■ Input data ■
━━━━

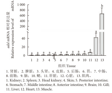 adsl gene was subdivided into 12 exons and 11 introns. Its mRNA had the highest expression level in muscle tissue and was significantly higher than other tissues (
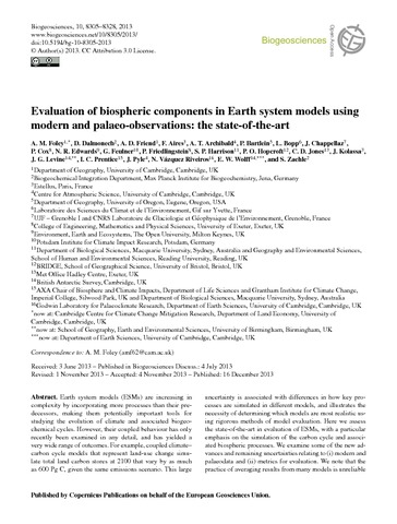 Foley, A. M., Dalmonech, D., Friend, A. .D., Aires, F., Archibald, A., Bartlein, P. J., Bopp, L., Chappellaz, J., Cox, P., Edwards, N. R., Feulner, G., Friedlingstein, P., Harrison, S. P. orcid id iconORCID: https://orcid.org/0000-0001-5687-1903, Hopcroft, P. O., Jones, C. D., Kolassa, J., Levine, J., Prentice, I. C., Pyle, J., Vasquez Riveiros, N., Wolff, E. and Zaele, S. (2013) Evaluation of biospheric components in Earth system models using modern and palaeo-observations: the state-of-the-art. Biogeosciences, 10 (12). pp. 8305-8328. ISSN 1810-6285 doi: 10.5194/bg-10-8305-2013
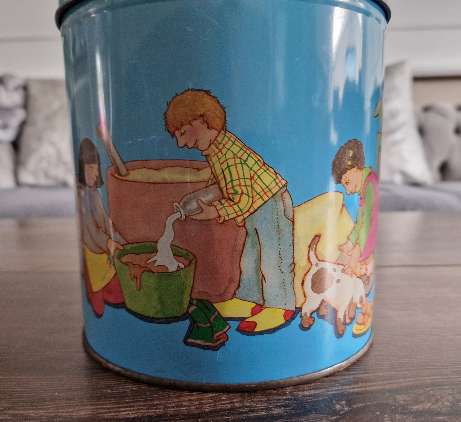 Cute Vintage Children Playing Chef and Baker with Ingredients Blue Tin Metal Canister
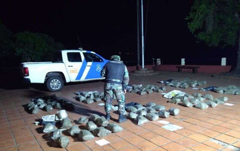 El hecho ocurrió cuando el personal de la Fuerza realizaba un patrullaje por la zona costera a la altura del kilómetro 1613 del río Paraná y observó varios bultos abandonados en la orilla.
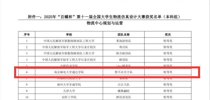 我院由朱辉、刘俊、束月月三位老师指导的三个参赛团队获全国特等奖、一等奖和二等奖,其中一个团队排名全国第六。本次大赛我院共派出了商学院2023级物流管理专业的9名学生组成三支队伍参赛,通过规划设计、仿真建模、对抗经营操作技能三项考核的激烈角逐,三个团队均获得优异的成绩。

━━━━

■ Assignment ■
Exact duplicates of all the entries are required, and no image may appear in them.

■ Your solution ■
 adsl gene was subdivided into 12 exons and 11 introns. Its mRNA had the highest expression level in muscle tissue and was significantly higher than other tissues (
 Foley, A. M., Dalmonech, D., Friend, A. .D., Aires, F., Archibald, A., Bartlein, P. J., Bopp, L., Chappellaz, J., Cox, P., Edwards, N. R., Feulner, G., Friedlingstein, P., Harrison, S. P. orcid id iconORCID: https://orcid.org/0000-0001-5687-1903, Hopcroft, P. O., Jones, C. D., Kolassa, J., Levine, J., Prentice, I. C., Pyle, J., Vasquez Riveiros, N., Wolff, E. and Zaele, S. (2013) Evaluation of biospheric components in Earth system models using modern and palaeo-observations: the state-of-the-art. Biogeosciences, 10 (12). pp. 8305-8328. ISSN 1810-6285 doi: 10.5194/bg-10-8305-2013
 Cute Vintage Children Playing Chef and Baker with Ingredients Blue Tin Metal Canister
 El hecho ocurrió cuando el personal de la Fuerza realizaba un patrullaje por la zona costera a la altura del kilómetro 1613 del río Paraná y observó varios bultos abandonados en la orilla.
 我院由朱辉、刘俊、束月月三位老师指导的三个参赛团队获全国特等奖、一等奖和二等奖,其中一个团队排名全国第六。本次大赛我院共派出了商学院2023级物流管理专业的9名学生组成三支队伍参赛,通过规划设计、仿真建模、对抗经营操作技能三项考核的激烈角逐,三个团队均获得优异的成绩。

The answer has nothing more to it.